Sektor keuangan Islam Malaysia, yang mana Bank Muamalat merupakan pemain kunci, telah lama mempromosikan emas sebagai alat investasi yang sesuai Syariah. Di bawah kerangka sebelumnya untuk Logam Mulia Investasi, status bebas bea membuat Malaysia kompetitif dengan pesaing regional seperti Singapura dan Hong Kong. Singapura menghapus pajak barang dan jasa mereka pada logam mulia kelas investasi pada tahun 2012 secara khusus untuk menarik arus emas.

Apa artinya ini bagi para investor

Dampak langsungnya sederhana: membeli batangan emas LBMA melalui Bank Muamalat kini menjadi 10% lebih mahal. Jika Anda membeli satu batang seharga RM450.000 ditambah RM45.000 dalam bea, emas perlu mengalami apresiasi lebih dari 10% dari titik pembelian Anda agar Anda berada di zona untung.

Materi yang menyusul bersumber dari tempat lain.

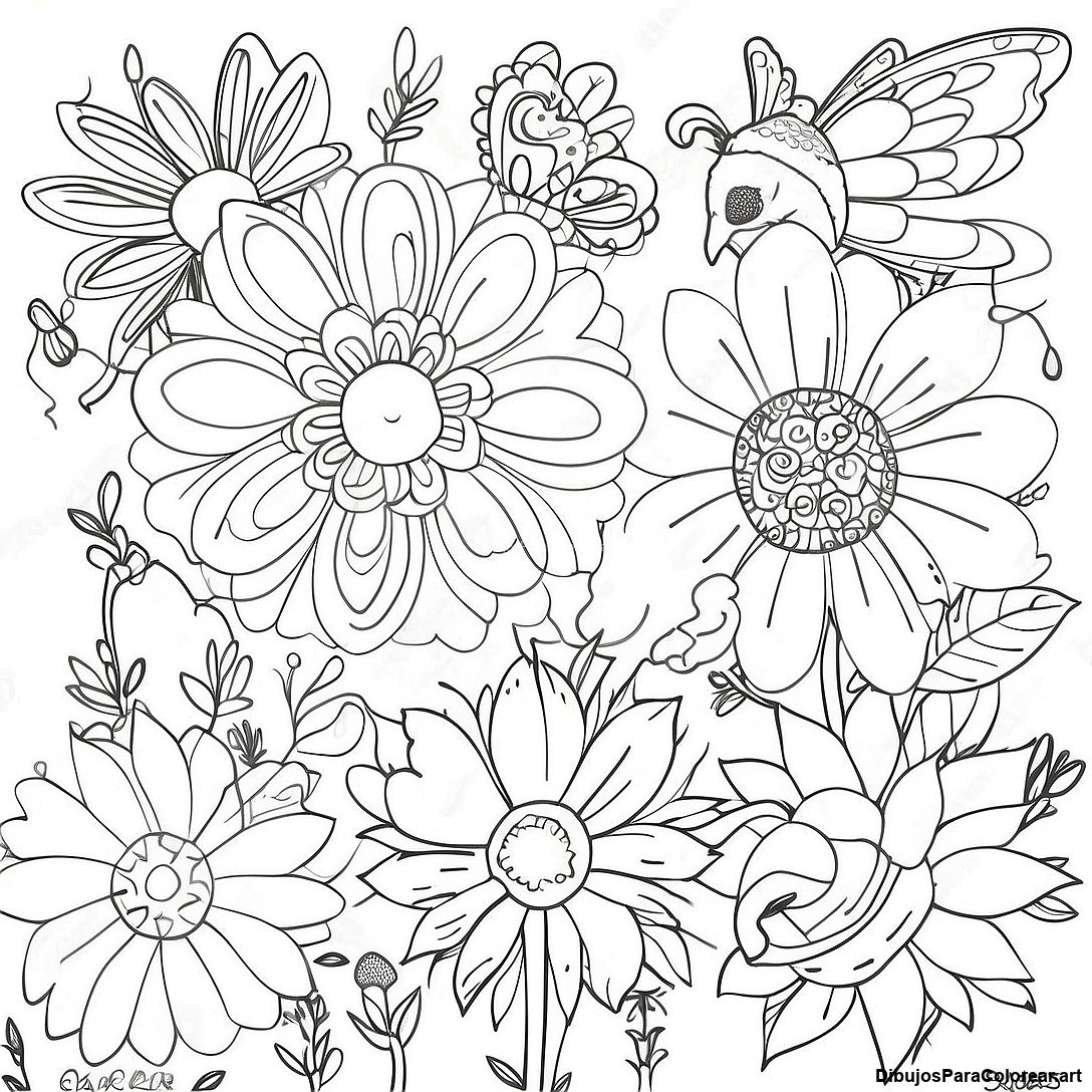 Descargar PDF imprimible de Página Para Colorear De Collage Caprichoso De Flores

Untuk sektor keuangan Islam secara khusus, ini menciptakan kendala. Akun investasi yang didukung emas dan produk emas fisik telah menjadi penawaran inti bagi bank-bank yang sesuai Syariah di Malaysia. Menambahkan lapisan biaya 10% pada aset dasar membuat produk-produk ini kurang kompetitif dibandingkan alternatif seperti ETF yang terkait emas atau platform emas digital yang mungkin menyusun struktur mengelilingi kebutuhan impor fisik.

Belum ada gangguan pasar signifikan yang dilaporkan, yang masuk akal mengingat pajak ini baru berlaku pada 8 Juni.

Penafian: Informasi pada halaman ini mungkin telah diperoleh dari pihak ketiga dan tidak mencerminkan pandangan atau opini KuCoin. Konten ini disediakan hanya untuk tujuan informasi umum, tanpa representasi atau jaminan apa pun, dan tidak dapat ditafsirkan sebagai saran keuangan atau investasi. KuCoin tidak bertanggung jawab terhadap segala kesalahan atau kelalaian, atau hasil apa pun yang keluar dari penggunaan informasi ini. Berinvestasi di aset digital dapat berisiko. Harap mengevaluasi risiko produk dan toleransi risiko Anda secara cermat berdasarkan situasi keuangan Anda sendiri. Untuk informasi lebih lanjut, silakan lihat Ketentuan Penggunaan dan Pengungkapan Risiko.